* _WHAT YOU SHOULD DO_
What's wanted here is the full listing below, repeated exactly, with no images in it.

* _GIVEN DATA_
----
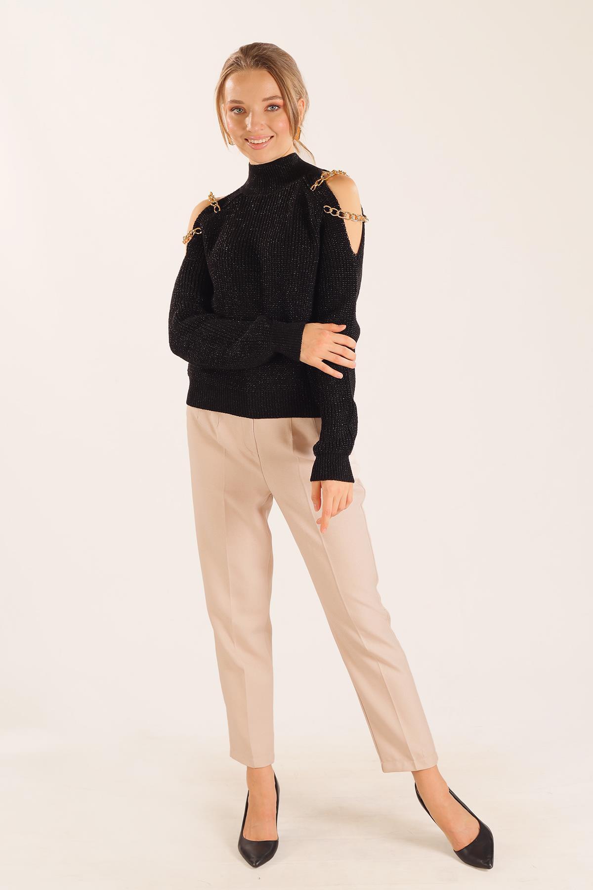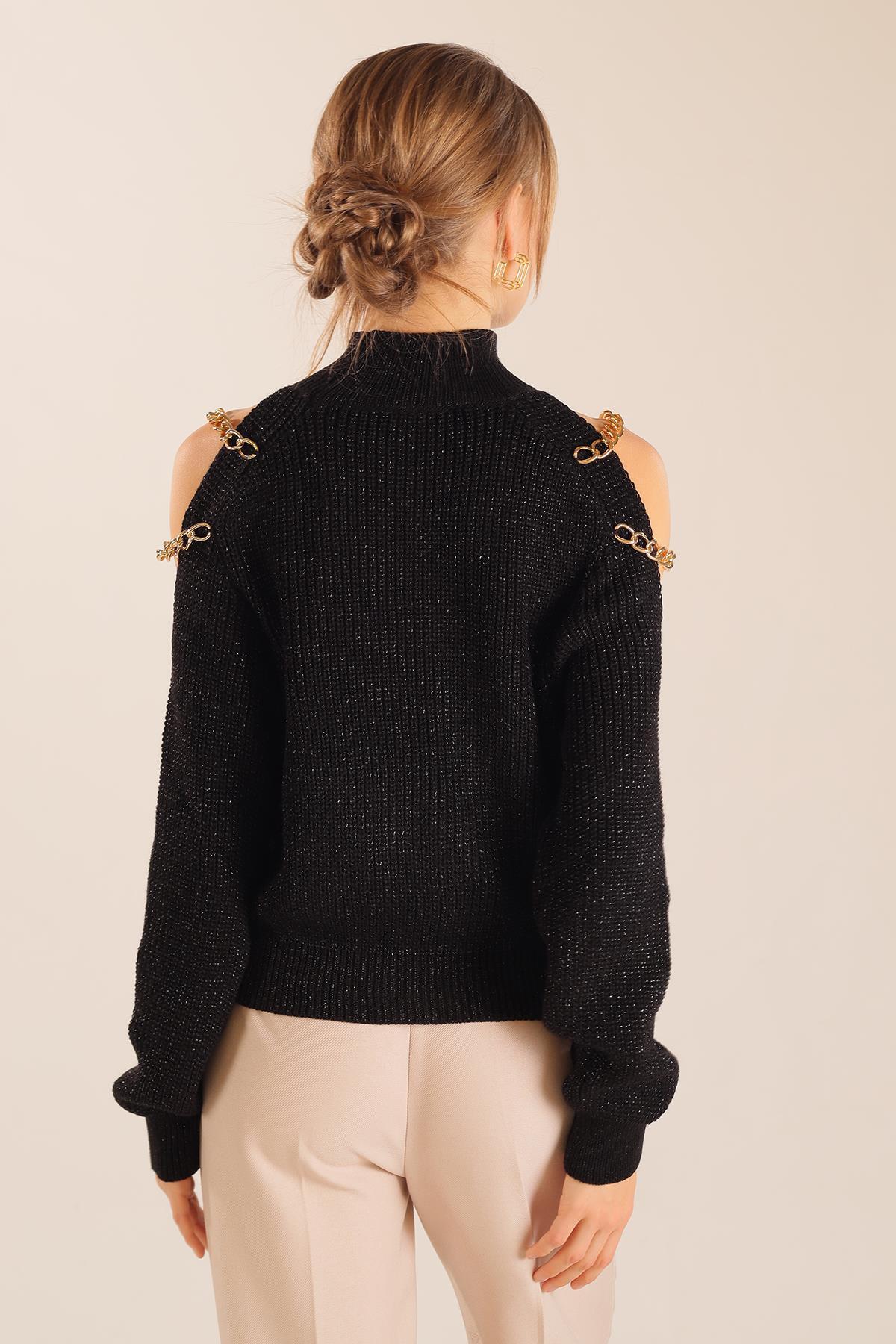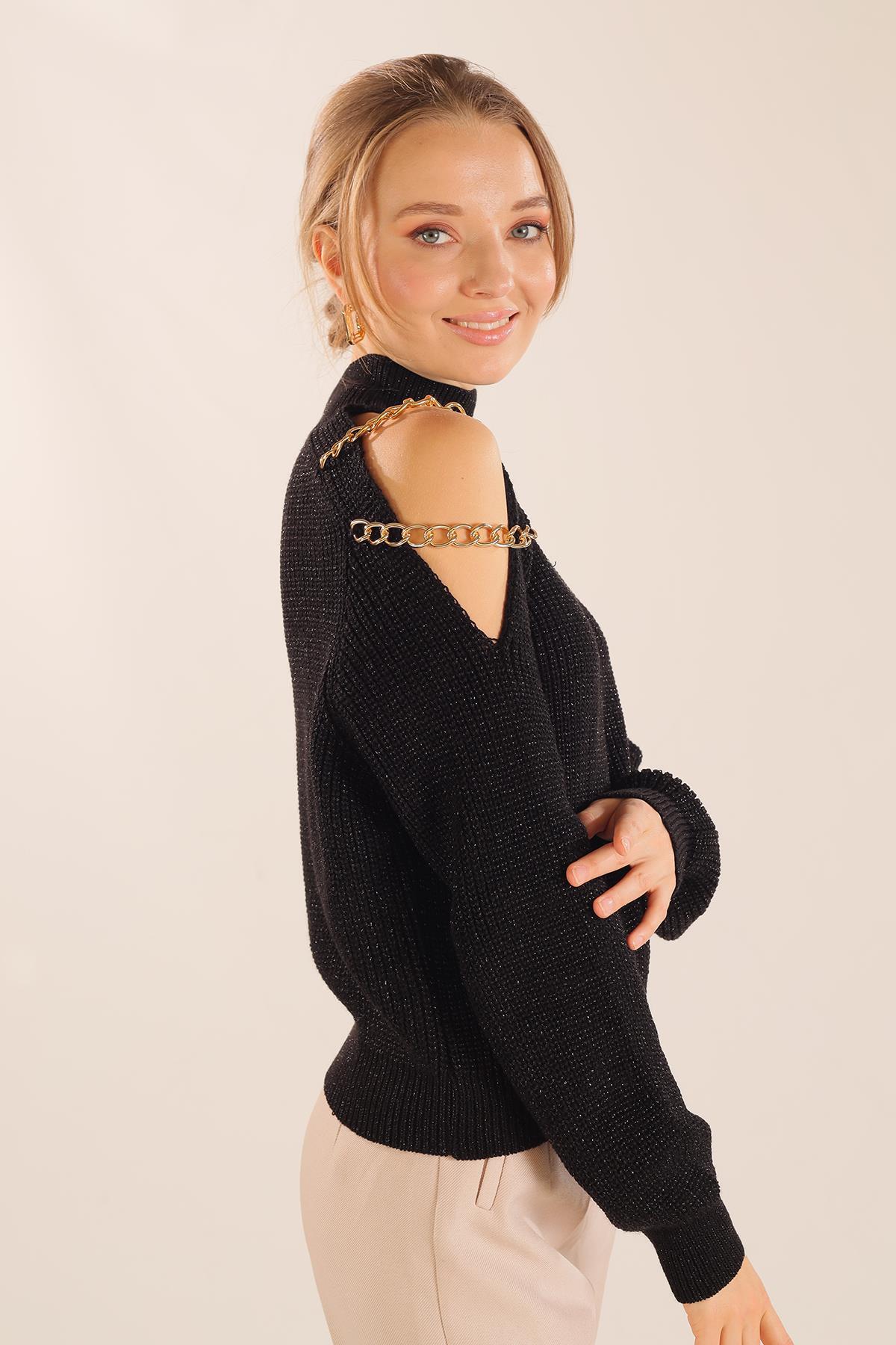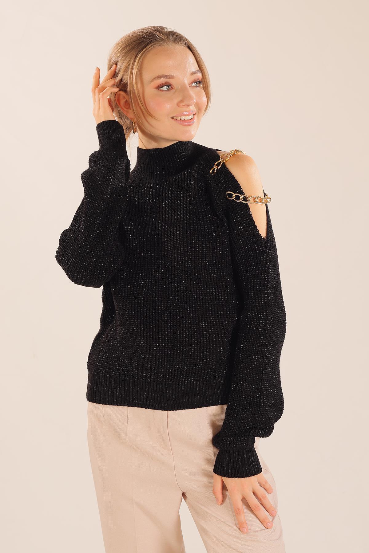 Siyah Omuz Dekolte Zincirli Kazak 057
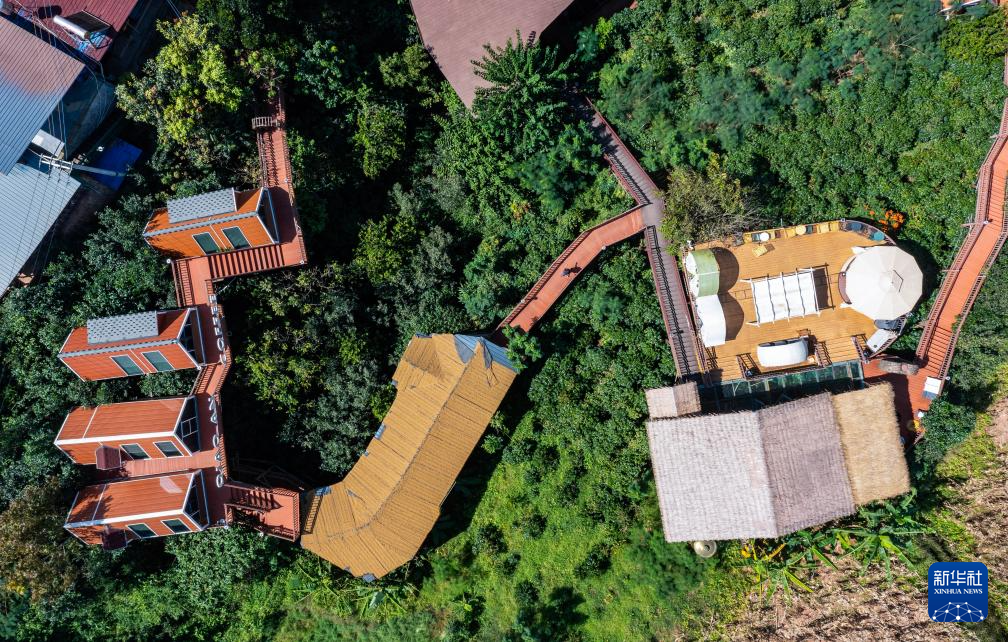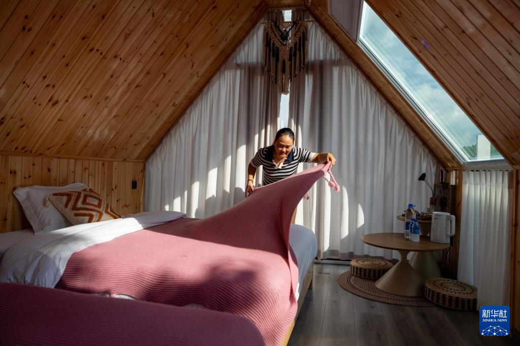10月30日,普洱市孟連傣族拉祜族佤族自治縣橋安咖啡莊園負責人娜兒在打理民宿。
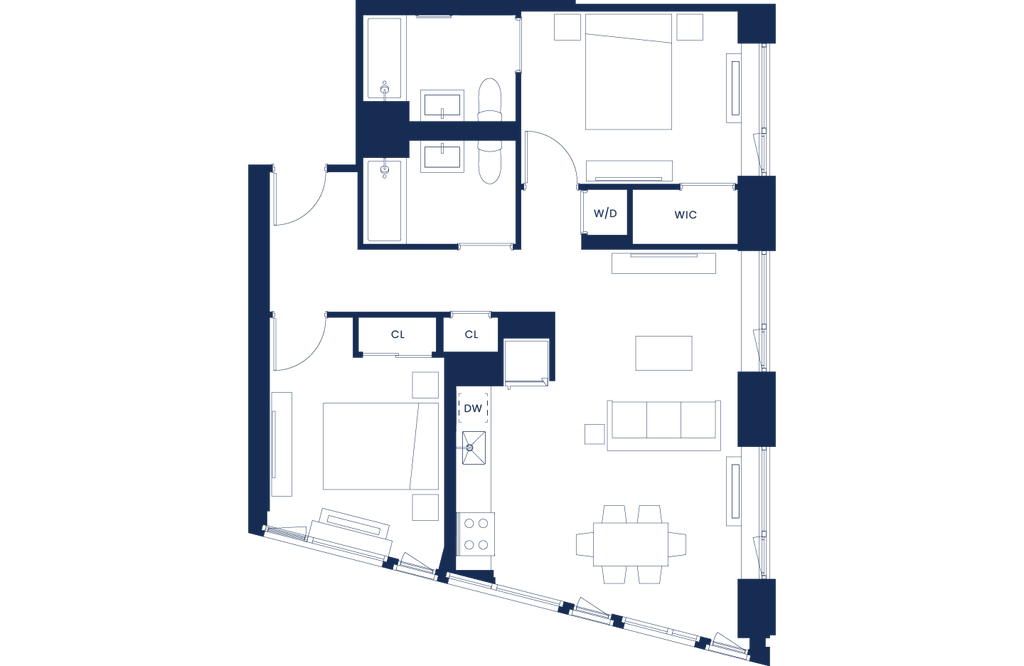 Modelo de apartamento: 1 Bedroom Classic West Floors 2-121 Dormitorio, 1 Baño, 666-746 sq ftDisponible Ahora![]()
----
* _RESPONSE BELOW_
 Siyah Omuz Dekolte Zincirli Kazak 057
10月30日,普洱市孟連傣族拉祜族佤族自治縣橋安咖啡莊園負責人娜兒在打理民宿。
 Modelo de apartamento: 1 Bedroom Classic West Floors 2-121 Dormitorio, 1 Baño, 666-746 sq ftDisponible Ahora![]()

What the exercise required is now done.